暑さ、寒さの気温条件が厳しい時や、長時間のデスクワーク、あるいは激しい運動をしたときには自律神経への負荷は高まり疲弊していきます。すると自律神経中枢はサイトカイン(コロナ関連で耳にした方も多いと思いますが、指令を伝える物質です。)を通じて、脳の眼窩前頭野(がんかぜんとうや)と呼ばれる場所に”自律神経が疲れた”と信号を送ります。その信号を受けた眼窩前頭野はそれ以上自律神経に負荷をかけないために{身体が疲れた}という信号に変換して発信します。これが疲労感です。つまり、眼窩前頭野は自律神経の疲れを身体の疲れと感じるように信号を送り、身体のコントロールタワー 自律神経を守っているのです。簡単に言えば「これ以上自律神経を酷使すると危険だから休め」ということです。

 電車などでコロッと眠ってしまった経験やベッドに入った瞬間眠ってしまった経験が多くの方にはあると思います。これを”寝落ち”と呼ぶのですが、これは睡眠の質が悪かったり、寝不足だったりが原因で起こります。当然と思われるでしょうが、この状態は脳が強制的に意識をシャットダウンし、すぐに休息をとるように仕向けているのです。つまり、良すぎる寝つきは自律神経の疲れを表しているのです。よく眠ったはずなのに翌朝に疲れを感じるのも自律神経の疲労が回復していない証左ですので、意識して自律神経を休めるようにいたしましょう。

 前回に引き続き誤った#あるある#疲労回復法をお伝えしましょう。
 夏に多いのですが、疲れている時にはスタミナ食(うなぎや焼き肉など)、いわゆる昔から伝えられている精のつくものを食べて疲労回復を図ろうとする方は多いのではないでしょうか?スタミナ食には脂肪が多い食材が選ばれるのが特徴です。
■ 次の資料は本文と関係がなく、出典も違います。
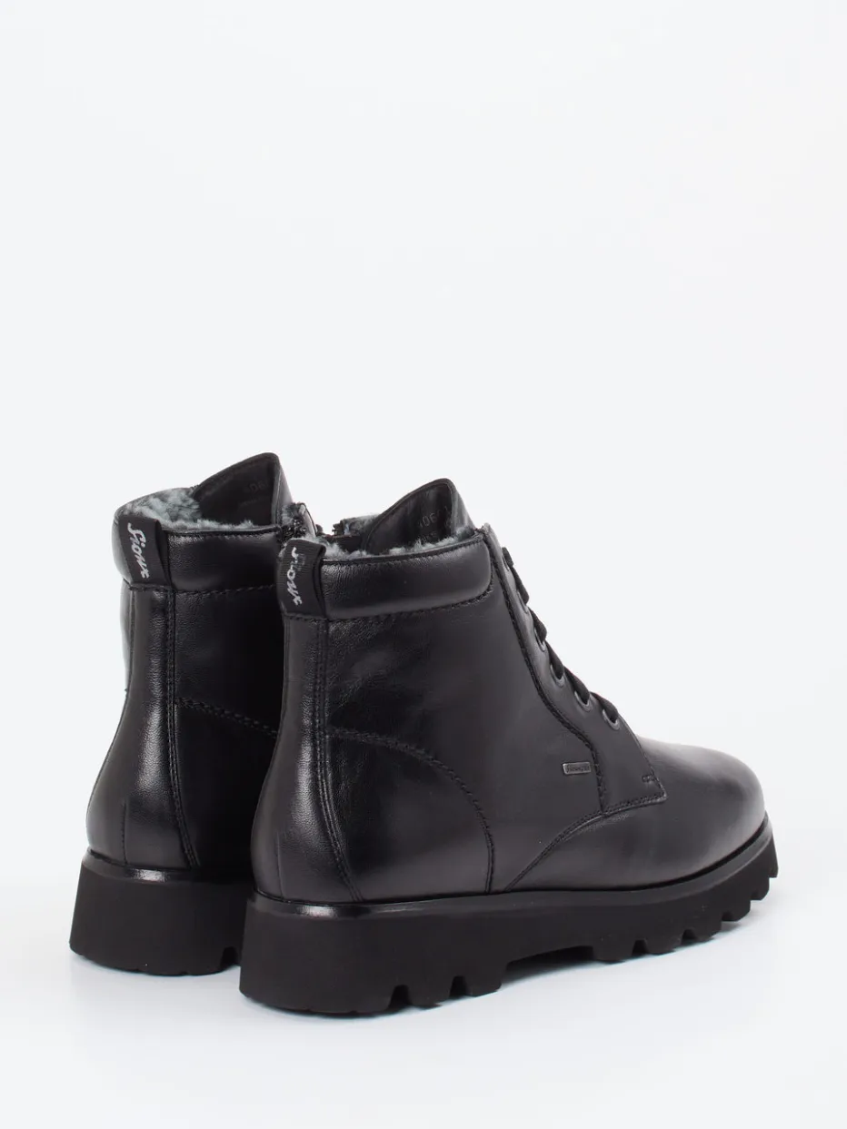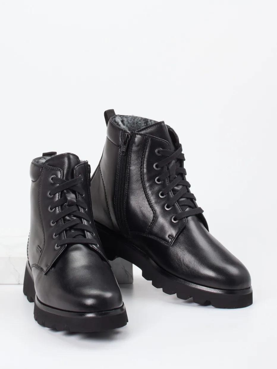 Wetterfest durch die kalte Jahreszeit.Die Marke Sioux präsentiert hier komfortable Schnürboots für Damen. Ob im Stadtalltag oder bei Spaziergängen im Winter – diese wind- und wasserdichten Boots aus handschuhweichem Kalbleder schützen zuverlässig vor Kälte und Nässe. Das glänzende Obermaterial in klassischem Schwarz wird ergänzt durch ein warmes Innenfutter aus Lammfell. Die knöchelhohe, rund zulaufende Form bietet bequemen Halt, während Reißverschluss und Schnürung den Einstieg erleichtern. Eine griffig profilierte Gummisohle sorgt für Trittsicherheit auch auf rutschigem Untergrund. Dezente Ton-in-Ton-Nähte und ein seitliches Markenbadge runden das Design ab. Stilbewusste Funktionalität mit hohem Tragekomfort – typisch Sioux.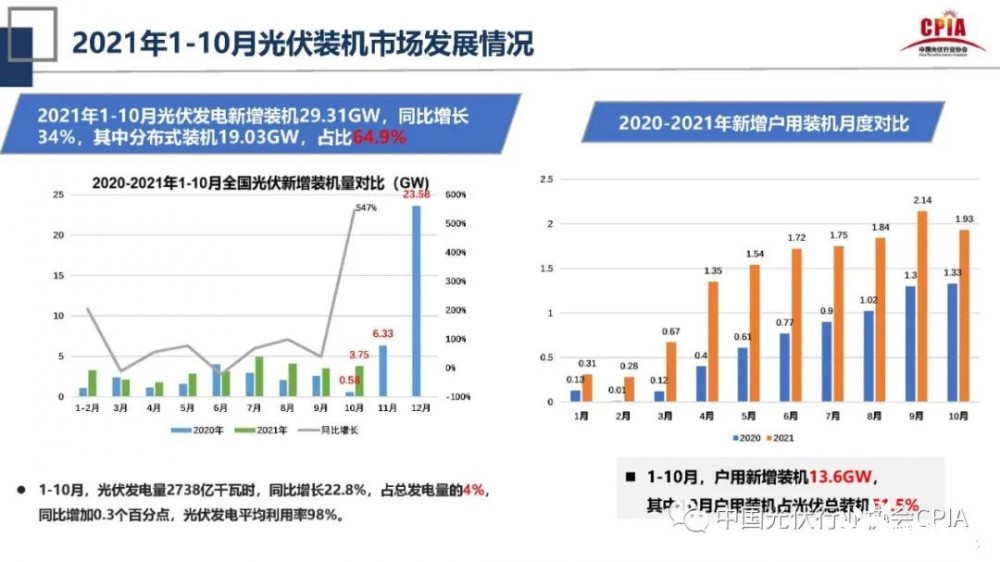 在光伏市場(chǎng)方面,2021年1-10月光伏發(fā)電新增裝機(jī)29.31GW,同比增長(zhǎng)34%,其中分布式裝機(jī)19.03GW,占比達(dá)64.9%;1-10月,光伏發(fā)電量2738億千瓦時(shí),同比增長(zhǎng)22.8%,占總發(fā)電量的4%,同比增加了0.3個(gè)百分點(diǎn),光伏發(fā)電平均利用率為98%;1-10月,戶用新增裝機(jī)為13.6GW,其中10月戶用裝機(jī)占光伏總裝機(jī)51.5%。

脂肪は胃腸に負担がかかるためより疲れてしまいます。こうした時には内臓に負担が少ない消化のよい食材を選び、一定程度疲労が回復してからスタミナ食を楽しむことがお薦めです。抗酸化力はあまり高くありませんが、激しい運動や長時間の仕事での疲れを緩和させるには、酸味のある梅干しやレモン、黒酢を利用したお料理が良いようです。前々回お話いたしました糖化予防にもなりますので、一石二鳥ですね。